Il film propone un’ottica di collaborazione tra le classi, invita a una pacificazione nazionale e dipinge i comunisti come persone stravaganti che hanno tralasciato i valori tradizionali e si sono calati in un improbabile abito rivoluzionario e filosovietico. Da questo punto di vista la Francia ha problemi simili a quelli italiani, dovendo i centristi fronteggiare un agguerrito PCF (la cui percentuale elettorale era intorno al 25%) e, dunque, Don Camillo può aiutare anche loro, influenzando le masse popolari in una direzione anticomunista. La questione poi è ancor più insidiosa per i filosovietici in quanto i comunisti non vengono dipinti come violenti o pericolosi, bensì come una banda di gente simpatica e schietta la quale, per rivendicare alcuni diritti spesso anche giusti (maggiore equità nelle paghe; maggiore sforzo dei proprietari nel distribuire a tutti opportunità di lavoro dignitosamente pagate) ha però scelto una strada disseminata di contraddizioni e certamente sbagliata in quanto legata a doppio filo con un terrificante sistema totalitario e illiberale quale quello sovietico (e su questo punto il film non va troppo per il sottile).

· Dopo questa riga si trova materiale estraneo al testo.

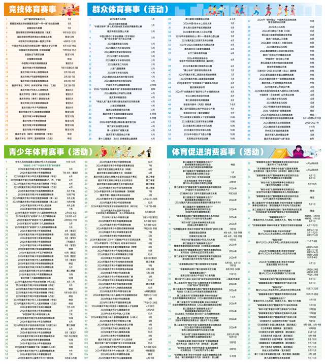 近日,重庆市体育局正式发布2026年重庆市精品体育赛事活动计划表。计划表涵盖竞技体育、群众体育、青少年体育及体育促消费四大板块,全年预计举办近300项精品赛事活动,促进形成“层层有赛事、人人可参与”的体育惠民新图景。

Dunque la creazione di questo Don Camillo (i cui primi racconti apparvero sul settimanale “Il Candido”, a partire dal dicembre 1946; il giornale di taglio monarchico e conservatore, viene edito a Milano da Rizzoli a partire dal dicembre 1945: per un lungo periodo Guareschi lo dirige e, in ogni caso, vi collabora fino al giorno della chiusura, nel 1961), prete conservatore ma ex partigiano, che i padroni spesso definiscono addirittura prete bolscevico, è una trovata geniale di Guareschi e della
propaganda conservatrice, tanto più che questa irruenta figura ispira una sincera simpatia.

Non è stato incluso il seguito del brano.